◆ Your task ◆
Please restate, word for word, the lines below that begin at the one with "據(jù)統(tǒng)計,這是他本賽季" and end at the one with "Бюст Molto PU". Leave out all other lines.

◆ Supplied material ◆
* * *

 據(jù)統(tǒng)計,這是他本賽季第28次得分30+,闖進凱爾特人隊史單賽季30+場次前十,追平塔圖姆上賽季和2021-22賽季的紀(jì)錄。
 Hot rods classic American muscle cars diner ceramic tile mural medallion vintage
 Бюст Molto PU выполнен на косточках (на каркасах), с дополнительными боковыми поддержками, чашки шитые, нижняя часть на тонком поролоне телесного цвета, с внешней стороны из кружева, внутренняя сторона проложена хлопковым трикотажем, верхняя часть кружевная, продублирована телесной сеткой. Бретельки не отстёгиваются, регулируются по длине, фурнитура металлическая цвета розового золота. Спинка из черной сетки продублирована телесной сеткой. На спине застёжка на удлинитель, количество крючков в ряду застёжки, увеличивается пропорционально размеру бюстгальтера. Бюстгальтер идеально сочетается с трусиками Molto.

* * *

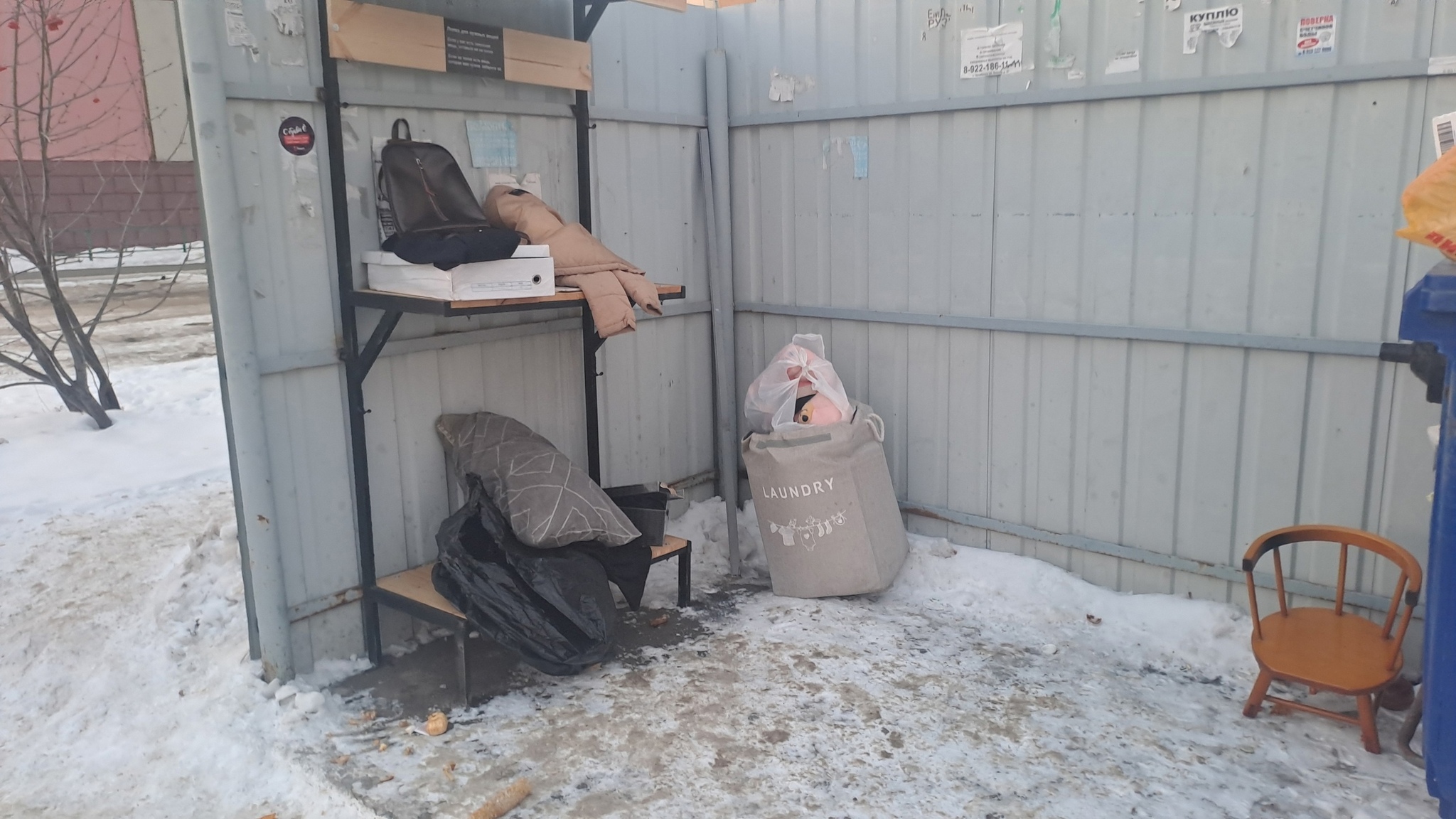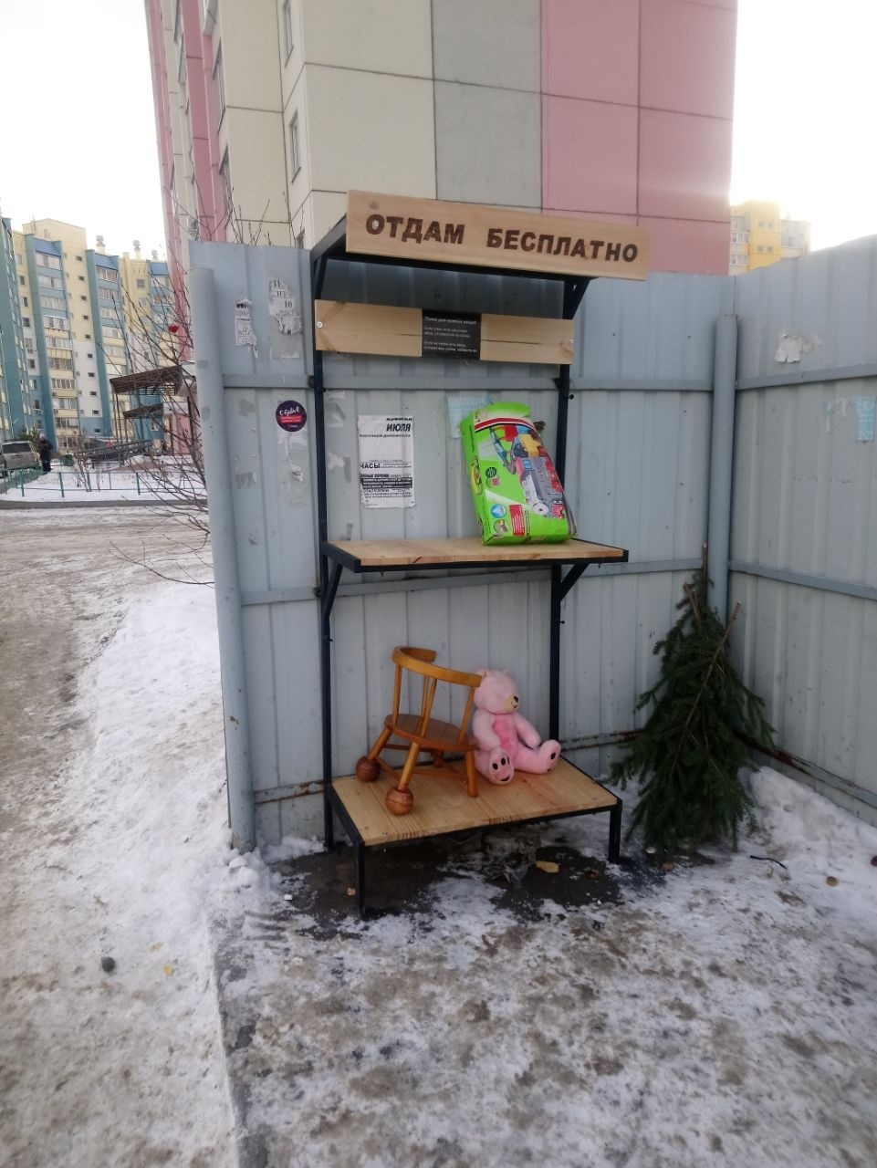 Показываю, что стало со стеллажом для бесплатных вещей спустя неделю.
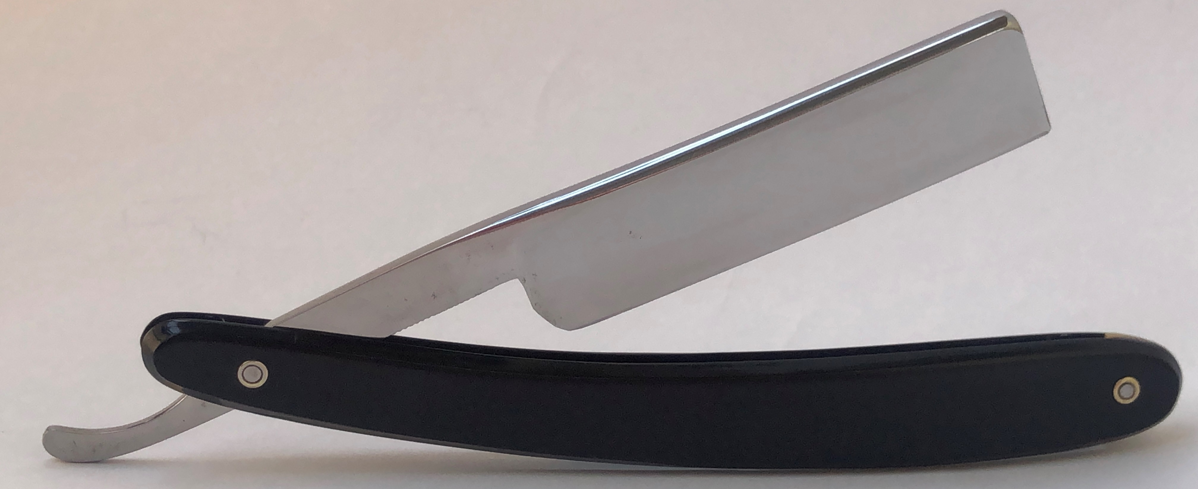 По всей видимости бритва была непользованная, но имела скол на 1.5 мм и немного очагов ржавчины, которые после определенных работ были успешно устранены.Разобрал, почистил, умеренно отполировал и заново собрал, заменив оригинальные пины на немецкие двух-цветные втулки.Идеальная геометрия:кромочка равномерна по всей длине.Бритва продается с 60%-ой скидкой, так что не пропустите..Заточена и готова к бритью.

* * *

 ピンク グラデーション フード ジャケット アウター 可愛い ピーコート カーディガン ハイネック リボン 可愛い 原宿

* * *

◆ Exercise solution ◆
 據(jù)統(tǒng)計,這是他本賽季第28次得分30+,闖進凱爾特人隊史單賽季30+場次前十,追平塔圖姆上賽季和2021-22賽季的紀(jì)錄。
 Hot rods classic American muscle cars diner ceramic tile mural medallion vintage
 Бюст Molto PU выполнен на косточках (на каркасах), с дополнительными боковыми поддержками, чашки шитые, нижняя часть на тонком поролоне телесного цвета, с внешней стороны из кружева, внутренняя сторона проложена хлопковым трикотажем, верхняя часть кружевная, продублирована телесной сеткой. Бретельки не отстёгиваются, регулируются по длине, фурнитура металлическая цвета розового золота. Спинка из черной сетки продублирована телесной сеткой. На спине застёжка на удлинитель, количество крючков в ряду застёжки, увеличивается пропорционально размеру бюстгальтера. Бюстгальтер идеально сочетается с трусиками Molto.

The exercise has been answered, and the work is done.